Como não ia ser chamada, deixei por isso mesmo e continuei minha vida. Me formei, fui trabalhar com design, mas obviamente eu já não queria mais aquela vida pra mim. Naquele mesmo ano meu avô faleceu e eu comecei a pensar na minha vida, em quem eu queria ser, o que eu realmente queria fazer da minha vida e se eu estava de alguma forma contribuindo pra alcançar isso. Então em outubro daquele primeiro ano de designer, 2013, pedi demissão. Foi aí que o universo começou a conspirar a meu favor. No dia seguinte da minha demissão uma amiga (ex-colega do TJ) me convidou pra trabalhar com ela. Eram uns trabalhos de freelancer, esporádicos, eu ia poder fazer a hora que quisesse, conciliar com meus estudos e ainda ter um dinheiro. Além disso, naquele mesmo mês saiu o edital pra agente administrativo da PF, ou seja, mais um “sinal” que o universo conspirava ao meu favor. Aquela prova veio me lembrar daquela ideia antiga de agente da PF. Agora eu era formada, tinha ensino superior, tinha CNH, saí do meu emprego, eu não tinha mais desculpa, a não ser não querer pagar o preço que seriam os anos de estudo. Foi então que resolvi encarar.

Inscrevi-me no de agente administrativo mesmo sabendo que não era bem aquilo que eu queria e comecei minha caminhada. Fiz outros concursos, mas sempre da CESPE/UnB e sempre pensando no quanto contribuiria pro meu estudo pra agente. Em março de 2014 saiu a autorização pro concurso de Agente da Polícia Federal e aí era minha chance real. Estudei o máximo que pude, fiz cursinho me matriculei em aula de natação, fiz aulas de corrida sempre pensando em todas as etapas. Assinei os simulados do Missão Papa Fox que foram essenciais pra minha aprovação. Um trabalho muito sério, um fórum muito bem organizado e orientado onde tirava minhas dúvidas e conseguia, através dos simulados e discussões, fixar a matéria que eu estudava nas aulas EAD e tirar dúvidas que muitas vezes eu não conseguia sanar com as aulas. A prova objetiva foi dia 21 de dezembro e eu me lembro de ter saído dela tranquila, com a certeza de que fiz o melhor que pude ainda mais pensando que foi meu primeiro concurso nacional no qual me dediquei 100%. Para a minha felicidade depois do gabarito oficial eu havia feito 74 pontos e 11,25 (de 13,00) na redação, um score que eu nunca teria imaginado nem nos meus pensamentos mais otimistas. Passada a felicidade, passei a me dedicar exclusivamente pro TAF, principalmente na natação que era meu ponto fraco. Felizmente passei em todas as provas e consegui somar 18 pontos. Depois vieram a etapa dos exames médicos, pra mim a pior de todas por ser extremamente detalhista e chata, e o psicotécnico que era também extremamente cansativo. Felizmente tudo ocorreu como o esperado e após dois adiamentos do resultado final, dia 16 de julho de 2015 foi o dia da minha convocação, mesmo dia em que meu avô – Agente aposentado da Polícia Federal – completaria 86 anos de idade.
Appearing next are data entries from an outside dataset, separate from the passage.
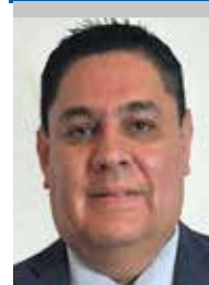
Por | Alejandro Verduzco Mendoza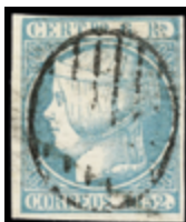
1089 125 €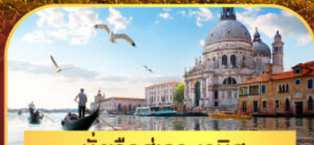
นั่งเรือสุทวาทะเวนิส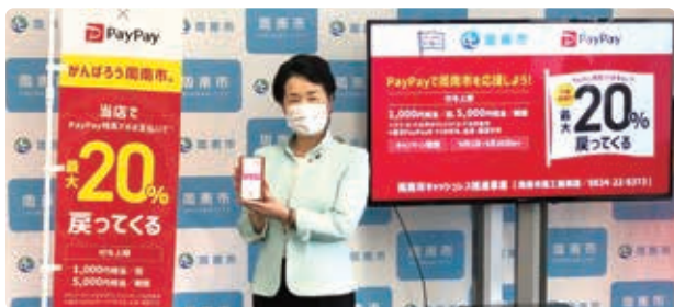
▲キャッシュレス決済のキャンペーンの紹介をする市長

Não sei se eu ganhei um presente ou se dei um presente pra ele. Por um minuto todos os atrasos no resultado fizeram sentido. Se não fosse ele contando desde que eu nasci sobre a PF, mostrando o distintivo e falando do trabalho dos agentes, eu talvez mal soubesse que função era essa. Eu não teria, com 8 anos de idade, dito pra mim e pra ele: essa é uma profissão que eu gostaria de ter, mesmo ele falando da prova concorrida e do temido teste físico. Era impossível desvincular dele essa escolha e aí veio o dia da convocação no dia do aniversário dele.

Mais do que uma profissão, ser Agente da Polícia Federal é pra mim a minha escolha de vida que envolve minha visão de mundo, quem eu sou, quem eu quero ser e as minhas memórias de família. Ao pensar em toda essa trajetória o único sentimento que talvez descreva tudo que aconteceu seja: felicidade.